Description
Indulge in a delightful Lemon Basil Zucchini Pasta Alfredo, a creamy and flavorful vegetarian dish that’s perfect for a summer meal. This pasta combines the freshness of zucchini and basil with the zing of lemon, all coated in a rich Alfredo sauce.
Ingredients
Scale
Pasta:
- 12 ounces fettuccine or linguine
- 1 tablespoon olive oil
Zucchini Mixture:
- 2 medium zucchinis (spiralized or thinly sliced)
- 2 cloves garlic (minced)
- 1 tablespoon lemon zest
- 1 tablespoon fresh lemon juice
- 2 tablespoons chopped fresh basil
- 1/2 cup grated Parmesan cheese
- 1 cup heavy cream
- 2 tablespoons unsalted butter
- Salt and black pepper to taste
- Extra basil and lemon zest for garnish (optional)
Instructions
- Cook Pasta: Boil salted water and cook pasta until al dente. Reserve 1/2 cup pasta water, drain, and set aside.

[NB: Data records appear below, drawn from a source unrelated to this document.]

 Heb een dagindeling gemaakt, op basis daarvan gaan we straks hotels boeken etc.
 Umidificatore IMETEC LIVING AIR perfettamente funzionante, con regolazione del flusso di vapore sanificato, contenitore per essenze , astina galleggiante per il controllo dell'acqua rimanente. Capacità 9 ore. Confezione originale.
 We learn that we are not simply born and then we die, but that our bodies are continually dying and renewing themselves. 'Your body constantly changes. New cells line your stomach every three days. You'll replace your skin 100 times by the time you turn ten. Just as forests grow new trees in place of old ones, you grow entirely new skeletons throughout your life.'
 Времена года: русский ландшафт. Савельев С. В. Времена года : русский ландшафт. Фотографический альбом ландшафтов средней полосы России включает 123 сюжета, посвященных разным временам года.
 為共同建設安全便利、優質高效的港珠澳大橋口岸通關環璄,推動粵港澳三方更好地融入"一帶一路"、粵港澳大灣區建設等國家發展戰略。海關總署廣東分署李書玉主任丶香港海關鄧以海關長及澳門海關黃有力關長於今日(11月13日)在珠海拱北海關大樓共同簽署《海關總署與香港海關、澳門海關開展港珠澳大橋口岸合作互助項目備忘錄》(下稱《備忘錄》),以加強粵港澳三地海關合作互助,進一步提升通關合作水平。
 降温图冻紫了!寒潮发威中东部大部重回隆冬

- Sauté Zucchini: In a skillet, melt butter with olive oil, sauté garlic, add zucchini and cook until tender. Stir in lemon zest and juice.

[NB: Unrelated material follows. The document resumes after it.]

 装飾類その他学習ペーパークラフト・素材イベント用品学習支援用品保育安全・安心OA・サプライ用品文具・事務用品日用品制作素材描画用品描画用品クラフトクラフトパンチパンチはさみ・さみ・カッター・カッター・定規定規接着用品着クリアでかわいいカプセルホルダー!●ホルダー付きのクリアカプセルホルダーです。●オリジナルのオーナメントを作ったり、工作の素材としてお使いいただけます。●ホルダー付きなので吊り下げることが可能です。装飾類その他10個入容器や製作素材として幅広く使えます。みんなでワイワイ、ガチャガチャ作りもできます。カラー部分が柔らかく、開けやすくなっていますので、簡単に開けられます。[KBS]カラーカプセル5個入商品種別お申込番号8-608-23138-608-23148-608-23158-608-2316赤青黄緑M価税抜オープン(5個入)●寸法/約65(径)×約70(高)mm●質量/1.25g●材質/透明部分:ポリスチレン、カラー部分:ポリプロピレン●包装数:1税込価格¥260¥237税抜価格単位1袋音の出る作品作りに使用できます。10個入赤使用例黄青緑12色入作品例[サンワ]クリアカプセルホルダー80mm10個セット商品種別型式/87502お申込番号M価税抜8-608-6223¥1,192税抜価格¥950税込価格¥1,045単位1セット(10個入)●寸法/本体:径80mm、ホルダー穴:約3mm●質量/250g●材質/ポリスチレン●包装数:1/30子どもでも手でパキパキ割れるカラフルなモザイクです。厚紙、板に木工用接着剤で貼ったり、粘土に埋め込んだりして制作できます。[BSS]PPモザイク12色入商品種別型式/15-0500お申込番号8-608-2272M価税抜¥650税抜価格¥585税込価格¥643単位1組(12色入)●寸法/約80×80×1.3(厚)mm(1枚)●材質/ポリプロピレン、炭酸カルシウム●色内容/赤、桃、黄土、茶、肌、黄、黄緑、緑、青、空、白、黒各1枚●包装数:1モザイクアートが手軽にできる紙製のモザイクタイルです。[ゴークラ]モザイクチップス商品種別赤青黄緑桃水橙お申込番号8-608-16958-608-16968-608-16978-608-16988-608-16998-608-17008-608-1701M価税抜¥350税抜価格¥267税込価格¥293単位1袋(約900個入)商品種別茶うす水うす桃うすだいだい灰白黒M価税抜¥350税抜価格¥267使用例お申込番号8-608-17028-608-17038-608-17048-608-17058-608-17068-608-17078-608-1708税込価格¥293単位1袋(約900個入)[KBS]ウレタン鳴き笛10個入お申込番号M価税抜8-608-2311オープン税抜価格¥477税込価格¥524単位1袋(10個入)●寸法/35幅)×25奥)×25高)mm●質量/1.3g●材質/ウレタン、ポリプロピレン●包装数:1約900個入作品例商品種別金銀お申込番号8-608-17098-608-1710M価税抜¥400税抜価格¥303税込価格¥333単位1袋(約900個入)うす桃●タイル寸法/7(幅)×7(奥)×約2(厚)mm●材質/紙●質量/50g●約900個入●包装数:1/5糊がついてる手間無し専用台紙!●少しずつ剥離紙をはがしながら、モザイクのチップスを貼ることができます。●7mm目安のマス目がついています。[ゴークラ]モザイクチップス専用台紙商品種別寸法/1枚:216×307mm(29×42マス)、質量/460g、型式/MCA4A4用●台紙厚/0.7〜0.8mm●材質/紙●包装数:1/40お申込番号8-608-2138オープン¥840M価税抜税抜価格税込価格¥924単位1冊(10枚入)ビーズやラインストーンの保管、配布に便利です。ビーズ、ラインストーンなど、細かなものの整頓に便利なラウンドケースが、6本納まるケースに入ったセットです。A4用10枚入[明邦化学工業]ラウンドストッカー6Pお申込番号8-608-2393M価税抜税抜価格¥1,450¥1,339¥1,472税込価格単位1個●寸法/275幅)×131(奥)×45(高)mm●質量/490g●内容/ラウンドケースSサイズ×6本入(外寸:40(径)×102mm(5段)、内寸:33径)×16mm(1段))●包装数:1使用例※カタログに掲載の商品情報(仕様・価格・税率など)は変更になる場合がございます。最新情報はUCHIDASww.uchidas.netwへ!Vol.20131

- Prepare Sauce: Reduce heat, add heavy cream, Parmesan cheese, and cooked pasta. Toss to coat, adding pasta water to adjust consistency.
- Finish Dish: Stir in basil, season with salt and pepper, cook briefly. Serve warm, garnished with basil and lemon zest.
Notes
- For added protein, top with grilled chicken or white beans.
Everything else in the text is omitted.